Así, a oscuras y sin el horario del trabajo y de las comidas- porque con los días había perdido la costumbre de comer-, la sensación del tiempo se había difuminado. No tenía idea de cuántos días habían pasado desde que se había encerrado en su departamento. A veces le parecía que sólo lo distanciaban unas horas de aquella determinación, pero a veces sentía que hacía años que estaba recostado en la cama, como si hubiera nacido y crecido aislado en esa oscuridad. Pero no quería levantarse antes de terminar. Había que aguantar. Después limpiaría, comería bien, iría de viaje. Tal vez, pensaba, volvería a llamar a Jimena.

 Ahora no. No podía desconcentrarse porque sentía que estaba cerca. Su cerebro trabajaba como nunca lo había hecho en su vida y su imaginación- tal vez por la oscuridad, tal vez por dejar las demás preocupaciones de lado- era ahora nítida, como si le presentara imágenes en una pantalla de televisión gigante.
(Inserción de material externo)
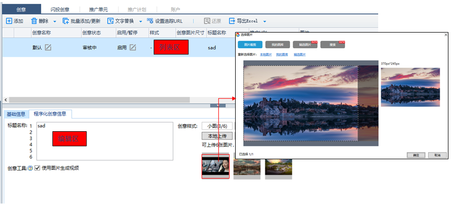 2.支持批量編輯程序化創(chuàng)意標(biāo)題名稱、圖片信息等;
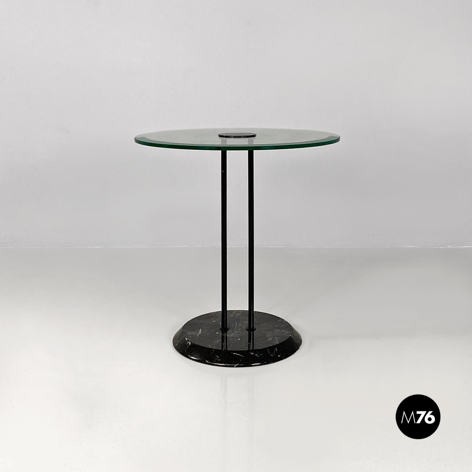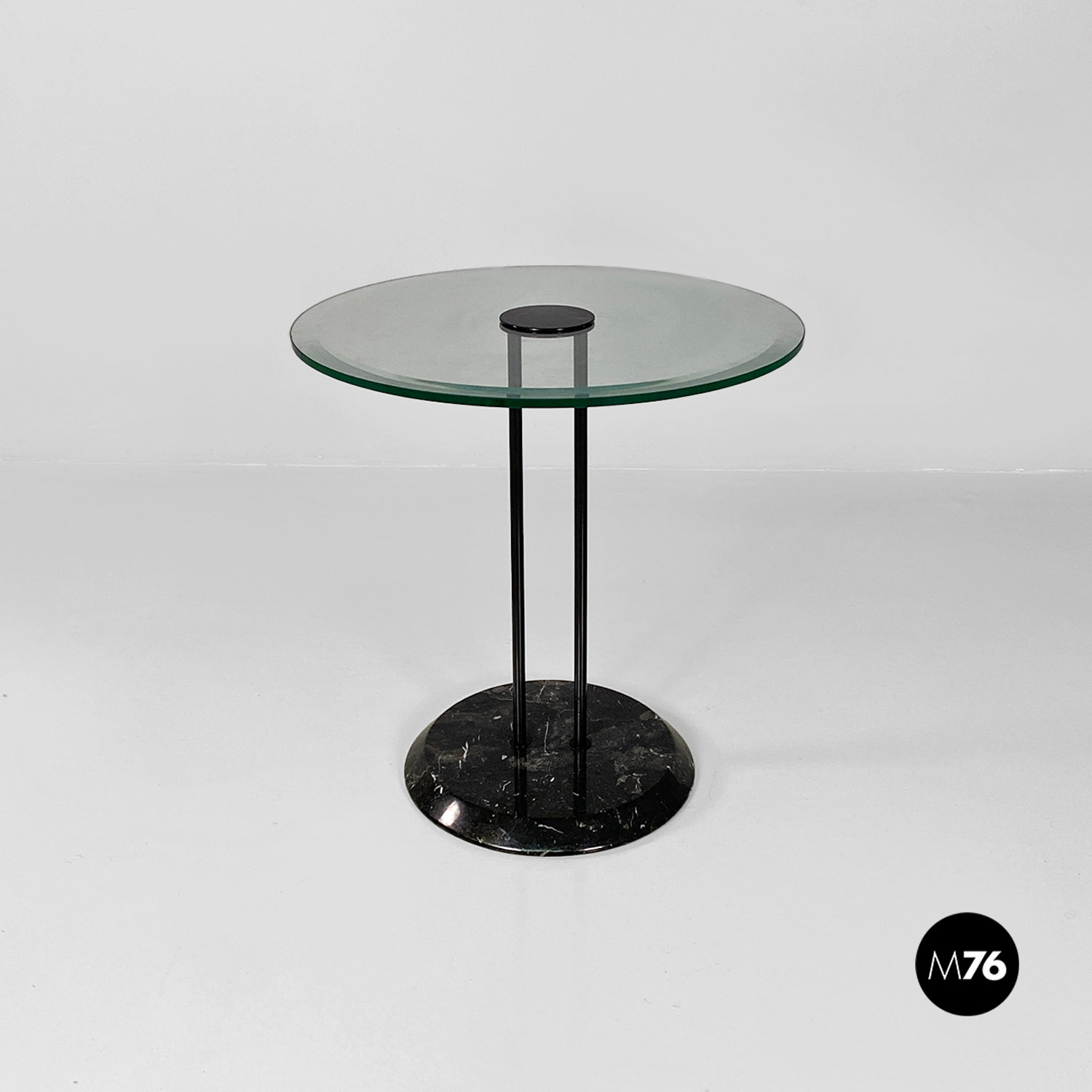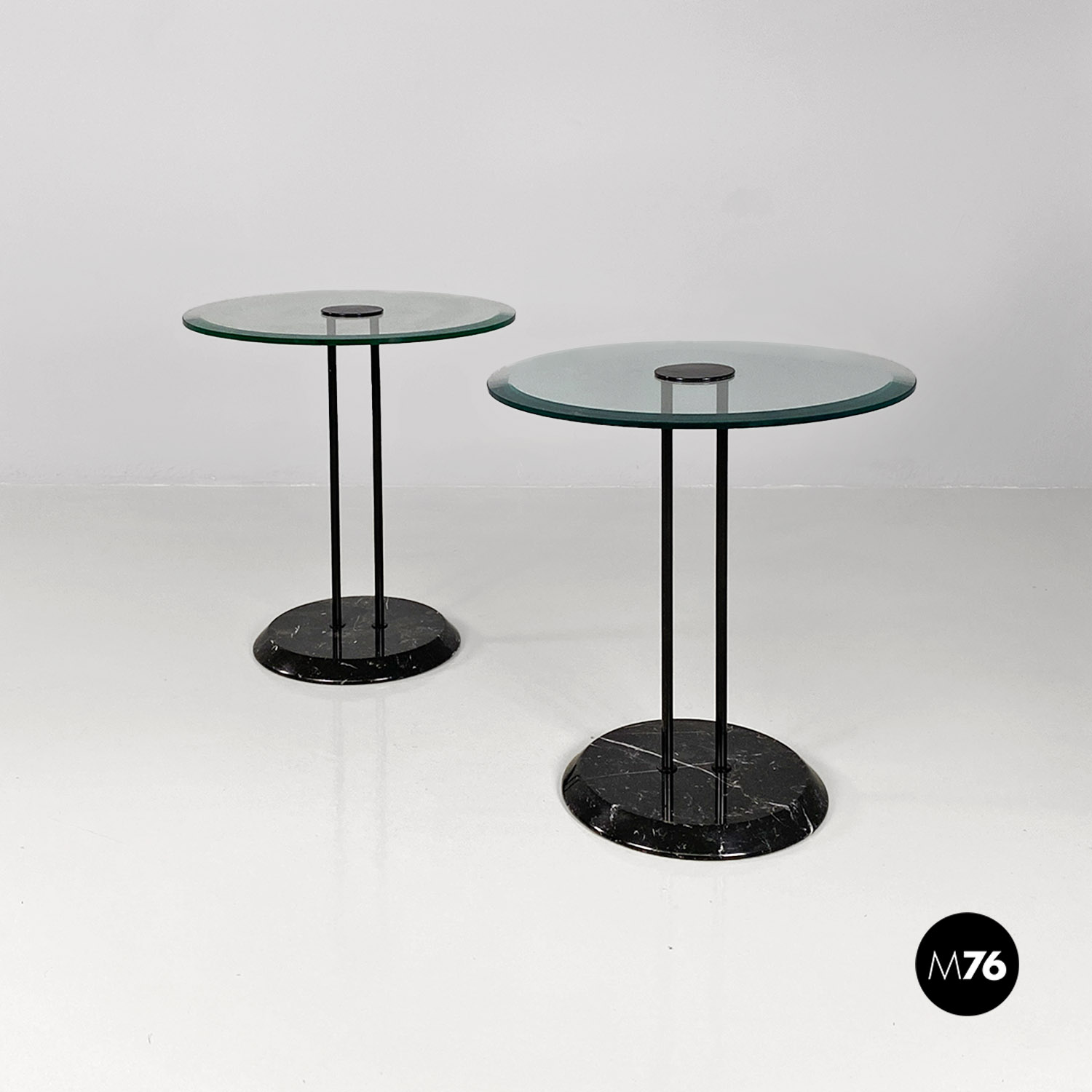 Coppia di tavoli da caffè con base tonda in marmo nero di marquinia con venature bianche piano tondo in vetro trasparente al cui centro si trova un elemento tondo da dove partono due tubolari che costituiscono lo stelo centrale del tavolo il tutto in metallo verniciato nero.

La sonrisa de la abuela, por ejemplo, había cobrado una realidad y una cercanía que lo sorprendía. La veía en todos sus detalles: las comisuras de los labios, los dientes amarillos, los ojos brillantes. Veía las arrugas y las líneas de su saco azul moviéndose lentamente a medida que ella se mecía en su silla. Veía que desde adentro de ese gigante y desvaído saco azul la abuela sacaba una mano huesuda y surcada de venas, una mano temblorosa y débil que se abría de a poco, con dificultad, dedo por dedo, y que le dejaba ver dentro de ella el reflejo brillante de lo que parecía una llave. De lo que era sin lugar a dudas una llave dorada.

Emilio se dio cuenta que la abuela se la estaba entregando. Sentado en la cama, incrédulo, vaciló unos segundos antes de moverse: cerró los ojos y los volvió a abrir: la mujer seguía ahí, con la llave en la mano. Entonces se levantó y se acercó hasta ella. Llevaba tanto tiempo sin caminar que le costó moverse. Se dio cuenta de que estaba desnudo y maloliente, y sintió de pronto una oleada de vergüenza, pero aún así se caminó con solemnidad, como si fuera el centro de una ceremonia importante. Tomó llave y estuvo por darle un beso en la mejilla, pero al final optó por darle las gracias a media voz. La abuela, sin embargo, no lo miró: sus ojos verdes y vívidos se dirigían hacia un punto detrás de él. Emilio se dio vuelta: frente a sí, detrás de su cama, estaba la puerta. Era una puerta vieja, una puerta de madera muy antigua. Le pareció incómoda: demasiado alta y demasiado angosta, tal vez. Debía haber estado ahí desde siempre, pensó. Se reprochó el hecho de no haberle prestado atención. Corrió la cama y se acercó. Colocó y dio vuelta lentamente la llave. La puerta se sin dificultad, sin que él siquiera agarre el picaporte. La luz que brotó de adentro fue tan blanca y resplandeciente que Emilio momentáneamente quedó ciego. Cuando la claridad se disipó y por fin vio lo que había allí no pudo dar crédito a sus ojos. El corazón le palpitó a toda velocidad. Se adentró sin dudarlo, de un salto, como si se arrojara a una pileta. La puerta se cerró tras él y luego, instantáneamente, desapareció. En su lugar quedó una pared color crema repleta de grietas y de humedad, una pared iluminada apenas por la pantalla de la notebook que seguía prendida sobre la cama deshecha.